Conventionally, we may also omit the operator and simply call the algebraic structure $X$ if there’s no ambiguity.

  1. A semigroup is an algebraic structure $(X, \oplus)$ that has an associative operator, which means $(x \oplus y) \oplus z = x \oplus (y \oplus z)$ for any $x, y, z \in X$.

  2. A monoid is a semigroup $(X, \oplus)$ and there is an identity element $e \in X$ such that $e \oplus x = x \oplus e = x$ for any $x \in X$.

  3. A group is a monoid $(X, \oplus)$ and \ for any $x \in X$ there exists an element $y \in X$ such that $x \oplus y = y \oplus x = e$ where $e$ is the identity element the monoid.
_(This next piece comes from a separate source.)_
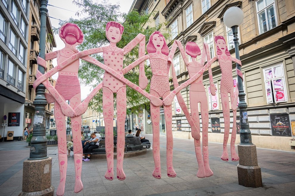 Njihove isprepletene ruke podsjećaju na važnost ženskog zajedništva, a na njihovim su tijelima ispisane tetovaže s porukama solidarnosti. "Nijedna figura nije sama, nego se teret koji se prenosi kroz dane lakše podnijeti kada imaš žensku ekipu da ti pomogne", rekla je umjetnica za Hinu.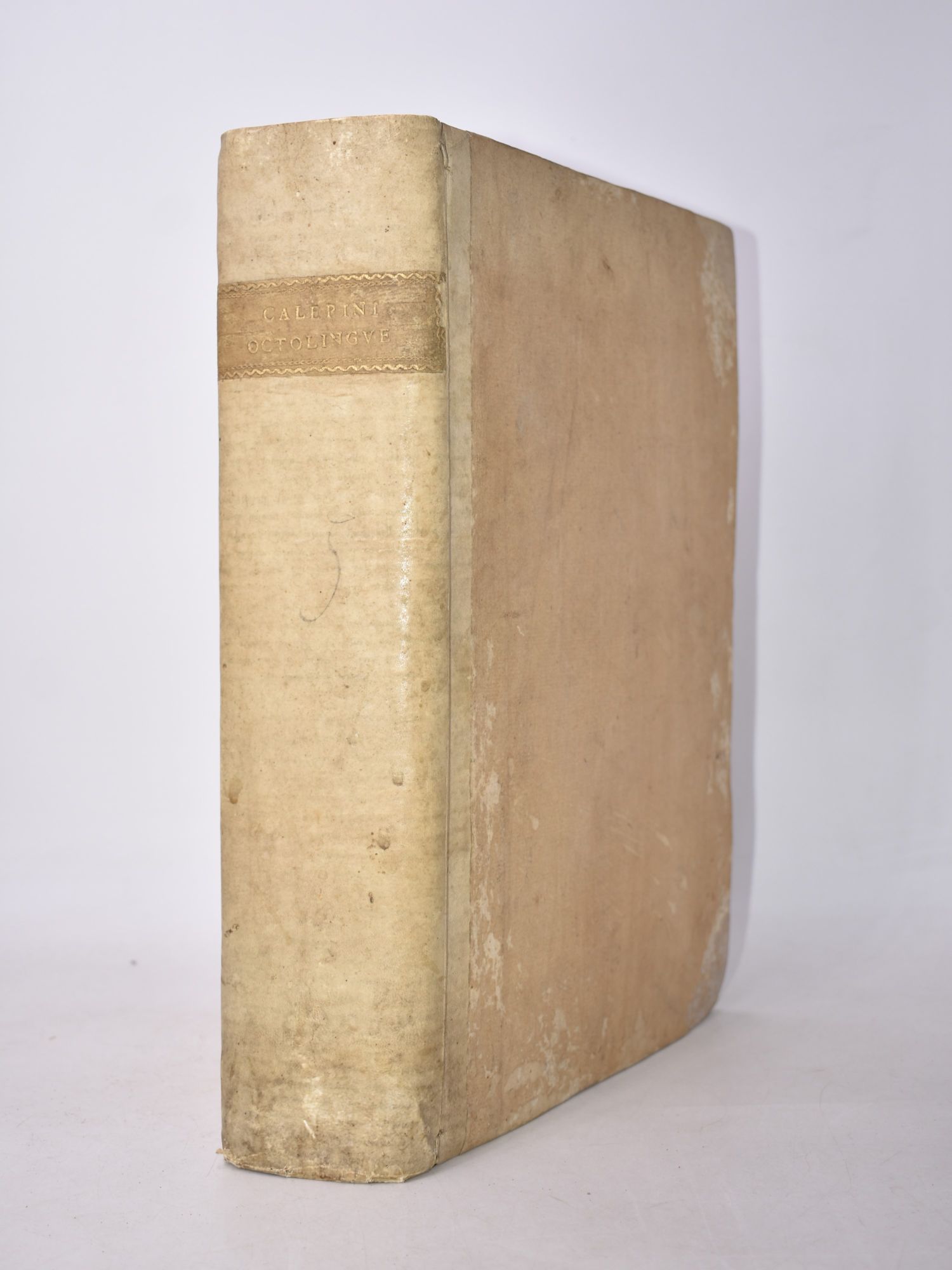 Calepino, Ambrogio AMBROSII CALEPINI DICTIONARIUM OCTOLINGUE, IN QUO LATINIS DICTIONIBUS HEBRAEAE, GRAECAE, GALLICAE, ITALICAE, GERMANICAE, HISPANICAE, ATQUE ANGLICAE ADIECTAE SUNT. RECENSUIT, DEFOECAUIT, AUXÍTQUE MULTÙM IOANNES PASSERATIUS ... ACCESSERUNT ETIAM INSIGNES LOQUENDI MODI, LECTIORES ETYMOLOGIAE, ANTITHETA, TRANSLATIONES, EMENDATIONES, ADAGIA EX OPTIMIS QUIBUSQUE AUCTORIBUS DECERPTA. … Coloniae Allobrogum, 1609, sumptibus Caldorianae Societatis.

If the operator in a group $(X, \oplus)$ is commutative ($x \oplus y = y \oplus x$ for any $x, y \in X$), then the group is an abelian group.
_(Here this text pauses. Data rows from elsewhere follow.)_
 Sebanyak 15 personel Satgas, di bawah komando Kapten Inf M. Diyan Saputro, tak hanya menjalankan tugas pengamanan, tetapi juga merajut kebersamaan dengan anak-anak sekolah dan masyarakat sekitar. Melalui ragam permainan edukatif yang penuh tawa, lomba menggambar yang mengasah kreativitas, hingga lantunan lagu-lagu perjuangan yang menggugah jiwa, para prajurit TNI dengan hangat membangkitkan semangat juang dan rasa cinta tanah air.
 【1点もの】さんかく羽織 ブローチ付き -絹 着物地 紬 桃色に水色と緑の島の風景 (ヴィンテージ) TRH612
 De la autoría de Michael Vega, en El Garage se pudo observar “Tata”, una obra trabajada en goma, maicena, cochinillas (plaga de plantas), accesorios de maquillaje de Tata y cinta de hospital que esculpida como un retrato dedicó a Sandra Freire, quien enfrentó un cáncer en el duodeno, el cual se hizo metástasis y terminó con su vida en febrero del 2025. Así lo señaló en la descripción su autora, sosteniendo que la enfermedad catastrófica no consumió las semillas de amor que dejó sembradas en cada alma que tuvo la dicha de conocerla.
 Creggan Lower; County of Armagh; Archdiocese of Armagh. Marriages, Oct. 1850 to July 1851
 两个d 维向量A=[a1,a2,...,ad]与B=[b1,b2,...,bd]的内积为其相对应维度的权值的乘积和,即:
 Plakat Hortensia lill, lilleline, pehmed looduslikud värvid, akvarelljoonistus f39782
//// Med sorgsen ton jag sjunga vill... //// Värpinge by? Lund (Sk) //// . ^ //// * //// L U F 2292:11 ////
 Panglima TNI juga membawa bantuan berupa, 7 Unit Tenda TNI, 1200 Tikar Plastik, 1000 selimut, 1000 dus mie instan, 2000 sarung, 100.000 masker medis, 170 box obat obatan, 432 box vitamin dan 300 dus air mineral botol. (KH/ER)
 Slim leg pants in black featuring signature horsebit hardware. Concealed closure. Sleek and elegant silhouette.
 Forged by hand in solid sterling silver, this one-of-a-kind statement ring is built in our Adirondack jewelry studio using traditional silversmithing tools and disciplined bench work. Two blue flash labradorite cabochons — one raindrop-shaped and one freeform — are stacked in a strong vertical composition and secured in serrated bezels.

  1. A ring is a triple $(X, +, \ast)$ such that
    i. $(X, +)$ is an abelian group;
    ii. $(X, \ast)$ is a monoid;
    iii. Distributivity is hold: $x \ast (y + z) = x \ast y + x \ast z$ and $(x + y) \ast z = x \ast z + y \ast z$ for any $x, y, z \in X$.

Conventionally, $0$ is used to denote the additive identity and $1$ is used to denote the multiplicative identity. A ring is commutative if the multiplicative operator of a ring is commutative. We may omit $\ast$ if there’s no ambiguity like $a \ast b = a b$.
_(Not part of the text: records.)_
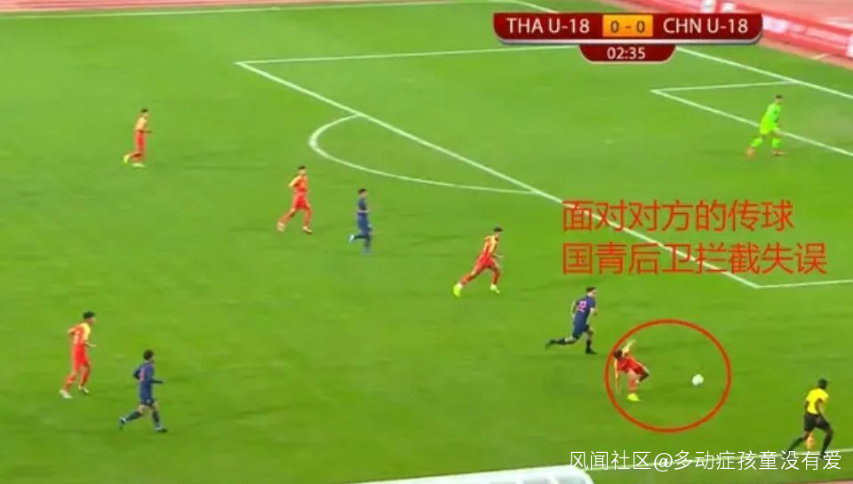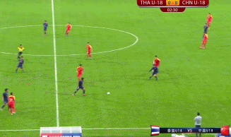 第3分鐘,泰國U18就打破僵局。這原本是國青隊的進攻機會,韓東在後場左路嘗試帶球突破,但泰國球員很輕鬆就將球攔截下來。泰國U18順勢發動反擊,從右路送上一腳質量並不算高的直傳球。國青左後衞高天語,負責盯防泰國隊前插的球員。
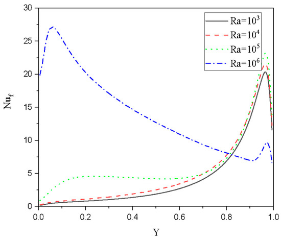 Figure 18 displays the local Nusselt values along the heated boundary for the liquid and medium phases for various values of at and Case 3: . It is noted that gradually increases as is enhanced, while only the lower part of the left-side edge is enhanced as Da is altered. By comparing and in this case and in the previous case (, we can note that the rate of the heat transport is higher in Case 3, where . Figure 19 shows the local Nusselt quantity in the heated part of the system for the fluid phase for several values of at and Case 3: The figure shows a good enhancement in as is altered because of the thermal boundary layer’s thickness.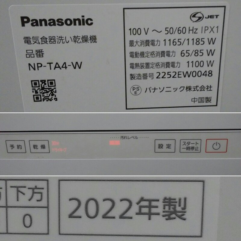Panasonic パナソニック 電気食器洗い乾燥機 NP-TA4 2022年 食洗機 NP-TA4-W ホワイト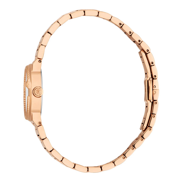 In der Welt der Mode, in der Eleganz auf Innovation trifft, entsteht eine Uhr, die das Wesen von Raffinesse und Stil verkörpert. Gefertigt im Herzen der Schweizer Uhrmacherkunst, ist diese Roberto Cavalli Lady Uhr ein Zeugnis für verfeinertes Design und exquisite Handwerkskunst. Ihr rundes Gehäuse, getaucht in den warmen Glanz von Roségold, fängt das Licht bei jeder Bewegung ein und schafft einen faszinierenden Tanz der Reflexionen. Mit einem Gehäusedurchmesser von 26 mm sitzt sie anmutig am Handgelenk, ein perfekter Begleiter für die moderne Frau, die sowohl Form als auch Funktion schätzt. Das silbergraue Zifferblatt, eine Leinwand der Subtilität, ist mit drei Zeigern versehen, die von einem präzisen Quarzwerk angetrieben werden und sicherstellen, dass die Zeit immer auf Ihrer Seite ist. Das Mineralglas bietet eine klare Sicht auf das Zifferblatt, während die Pull & Push-Krone einfache Einstellungen ermöglicht. Das Handgelenk umschließt ein Edelstahlarmband, ebenfalls in Roségold, das das Gehäuse ergänzt und dem Design einen Hauch von Kontinuität verleiht. Die Butterfly-Faltschließe mit Druckknopf sorgt für einen sicheren und bequemen Sitz und macht sie zu einer nahtlosen Ergänzung jedes Outfits. Mit einer Wasserdichtigkeit von bis zu 50 Metern ist diese Uhr so vielseitig wie schön und bereit, Sie vom Konferenzraum bis zum Abendessen zu begleiten. Die Roberto Cavalli Lady Uhr ist nicht nur eine Uhr, sie ist ein Statement der Eleganz, ein Spiegelbild des tadellosen Geschmacks der Trägerin und eine Feier zeitloser Mode.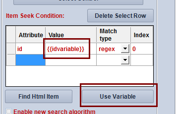 For example, you know about the control option command, scraper, keyboard and mouse emulation, when you click select control and click on a control there are option below "Item Seek Condition:" such name, ids, form, and other attribute, but you can't change the value of the attribute while you playing the bot.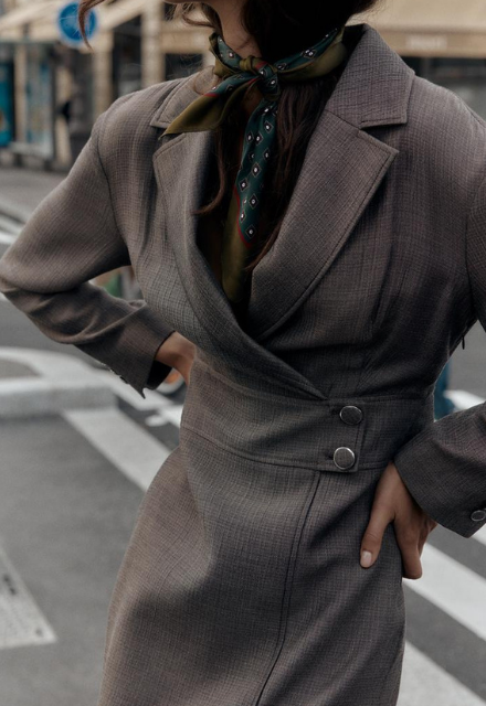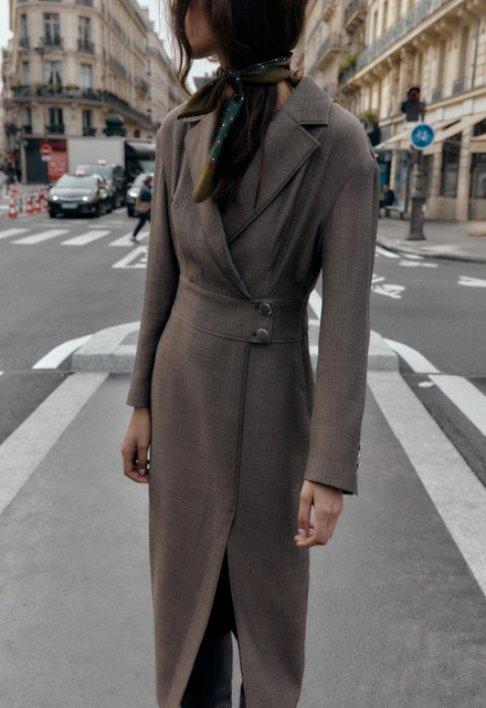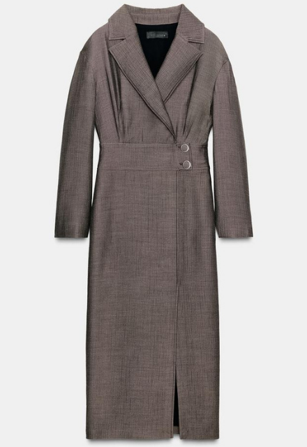 ZARA BNWT 2025. TAUPE GREY MIDI WRAP DRESS BLAZER LAPELS . 8933/569/832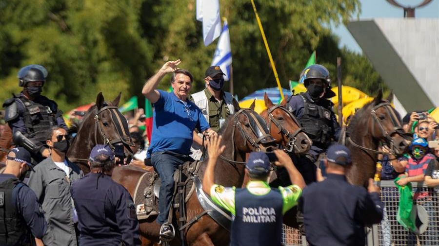 Bolsonaro, a caballo en una masiva manifestación que ignora el Covid-19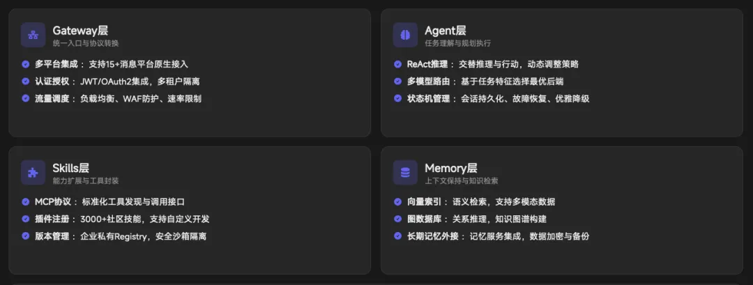 今天用的RAG、模型、工具,未来有更好的方案,可以直接平滑替换,不影响主框架、不破坏现有流程;业务扩张、系统新增、平台升级,只加组件、不换骨架,保护今天的每一分技术投入。

  1. A field is a ring $(X, +, \ast)$ that has multiplicative inverses for all elements except $0$. On the other words, for every $x \in X$ and $x \neq 0$, there exists an element $y \in X$ such that $x \ast y = y \ast x = 1$.

  2. An algebra over a field $K$ is a vector space A with a bilinear operator $\cdot$ mapping from $A \times A$ to $A$ such that
    i. $(\lambda x) \cdot y = x \cdot (\lambda y) = \lambda (x \cdot y)$ for any $\lambda \in K, x, y \in A$;
    ii. $(x + y) \cdot z = x \cdot z + y \cdot z$ and $x \cdot (y + z) = x \cdot y + x \cdot z$ for any $x, y, z \in A$.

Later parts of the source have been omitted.